▶ [Exercise goal]:
Once the line with "看一下上面的圖片注釋,默認(rèn)即可" is found, write it out along with each later line exactly, through the end of the entries, skipping every picture.

▶ [Recorded data]:

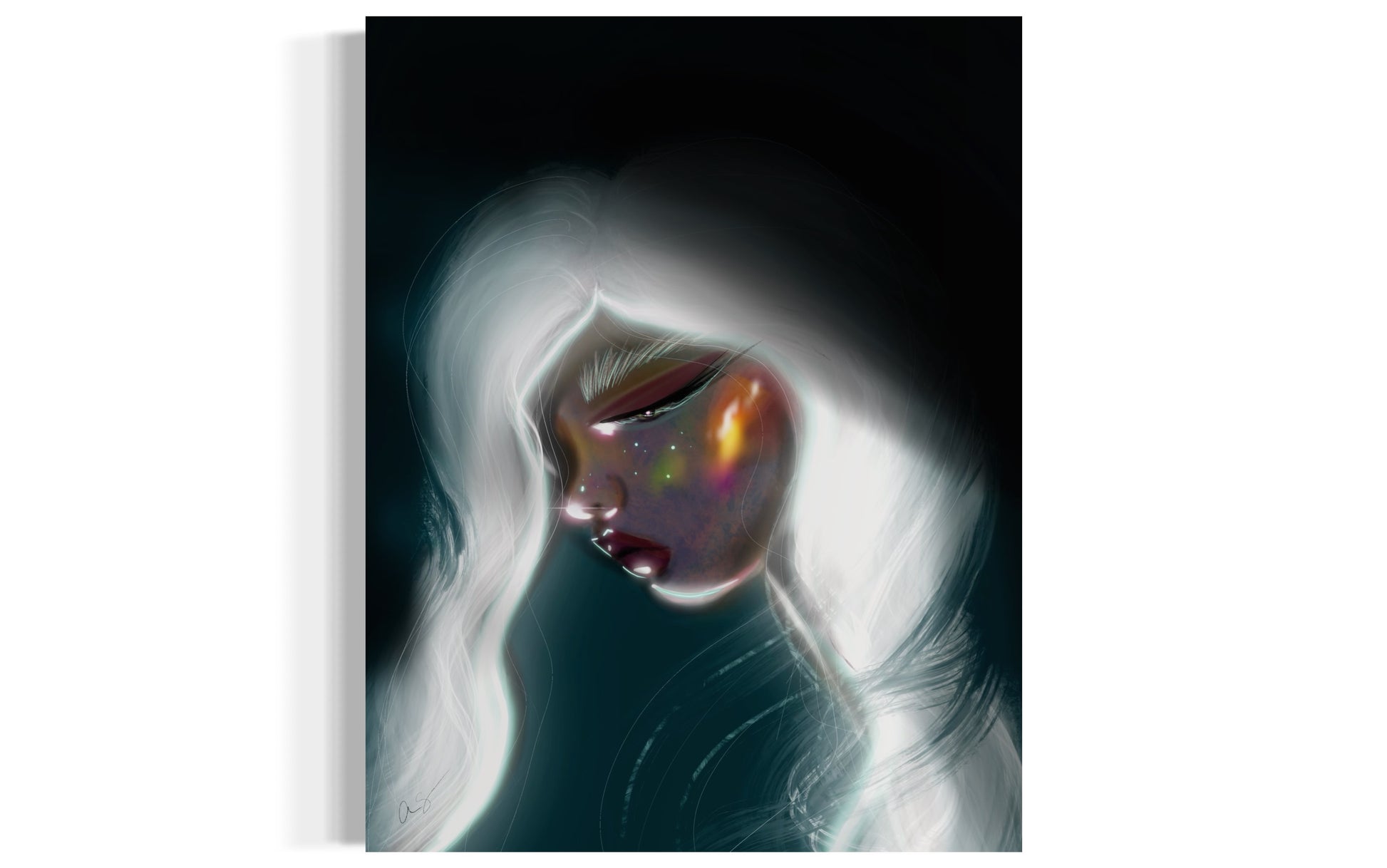 "Andromeda." She’s ethereal and glowing looking down from a dark, endless galaxy.
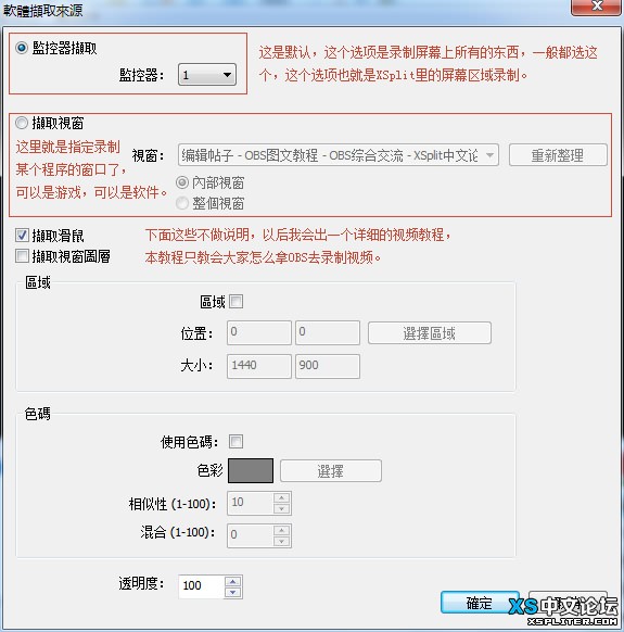 看一下上面的圖片注釋,默認(rèn)即可點(diǎn)擊確定,就可以添加屏幕錄制區(qū)域了。
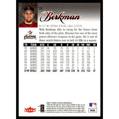 This is a 2007 Ultra Retail Lance Berkman baseball card. The card is #75 and pictures show condition.
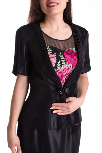 An elegant blackshort-cut blazer with 3/4 sleeves.
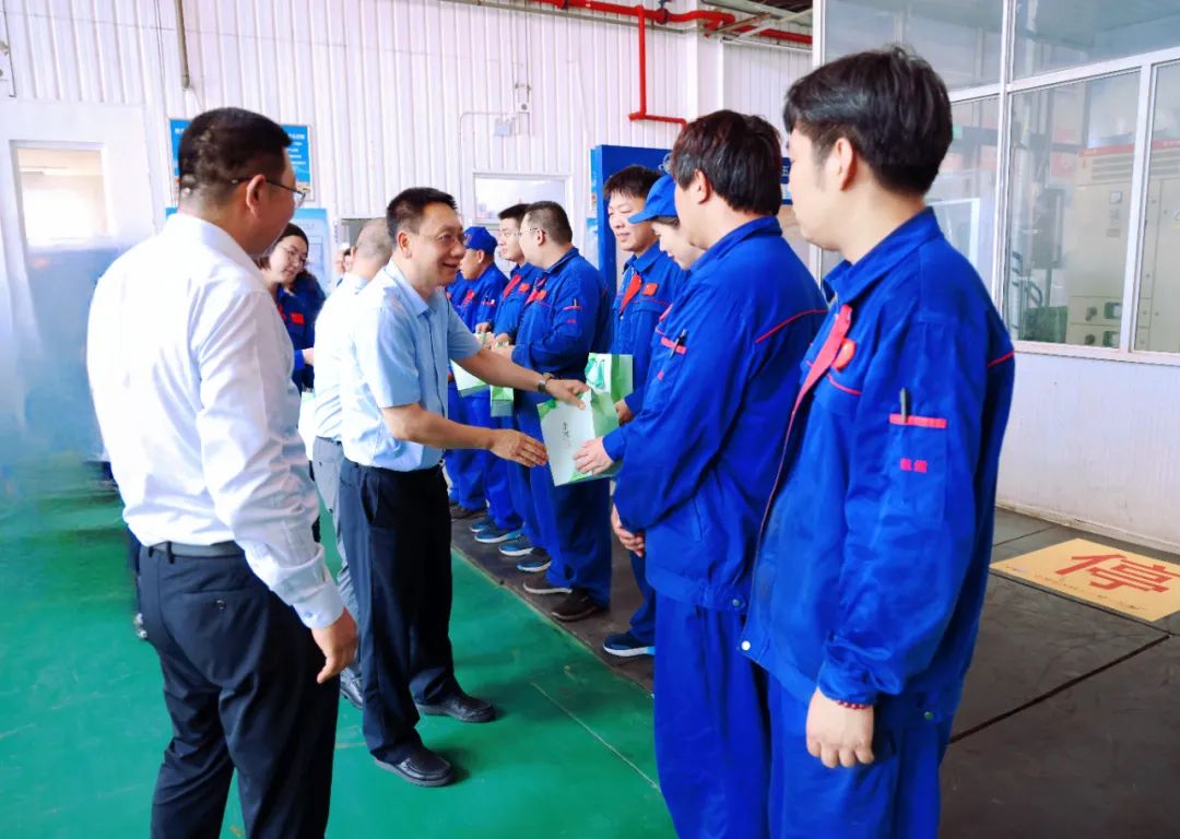 “你們現(xiàn)在每班工作多長(zhǎng)時(shí)間?”“每天排班幾次?幾班倒?”“休息室里有沒(méi)有空調(diào)?”在車間里,院領(lǐng)導(dǎo)與大家深入交談,詳細(xì)詢問(wèn)了當(dāng)前生產(chǎn)作業(yè)的情況,代表院黨委向奮戰(zhàn)高溫的勞動(dòng)者致以誠(chéng)摯的敬意和深切的問(wèn)候,囑咐大家一定要做好高溫天氣下的防暑降溫和勞動(dòng)保護(hù)工作,科學(xué)調(diào)度、勞逸結(jié)合、注意身體。施毅要求各單位要嚴(yán)格落實(shí)安全生產(chǎn)和防暑降溫措施,不斷改善職工工作環(huán)境、工作條件,開(kāi)展好“送清涼”慰問(wèn)工作,切實(shí)保障好職工的安全和身心健康,確保廣大職工平安度夏,更好推動(dòng)全年科研生產(chǎn)各項(xiàng)任務(wù)完成。

▶ [Finished exercise]:
 看一下上面的圖片注釋,默認(rèn)即可點(diǎn)擊確定,就可以添加屏幕錄制區(qū)域了。
 This is a 2007 Ultra Retail Lance Berkman baseball card. The card is #75 and pictures show condition.
 An elegant blackshort-cut blazer with 3/4 sleeves.
 “你們現(xiàn)在每班工作多長(zhǎng)時(shí)間?”“每天排班幾次?幾班倒?”“休息室里有沒(méi)有空調(diào)?”在車間里,院領(lǐng)導(dǎo)與大家深入交談,詳細(xì)詢問(wèn)了當(dāng)前生產(chǎn)作業(yè)的情況,代表院黨委向奮戰(zhàn)高溫的勞動(dòng)者致以誠(chéng)摯的敬意和深切的問(wèn)候,囑咐大家一定要做好高溫天氣下的防暑降溫和勞動(dòng)保護(hù)工作,科學(xué)調(diào)度、勞逸結(jié)合、注意身體。施毅要求各單位要嚴(yán)格落實(shí)安全生產(chǎn)和防暑降溫措施,不斷改善職工工作環(huán)境、工作條件,開(kāi)展好“送清涼”慰問(wèn)工作,切實(shí)保障好職工的安全和身心健康,確保廣大職工平安度夏,更好推動(dòng)全年科研生產(chǎn)各項(xiàng)任務(wù)完成。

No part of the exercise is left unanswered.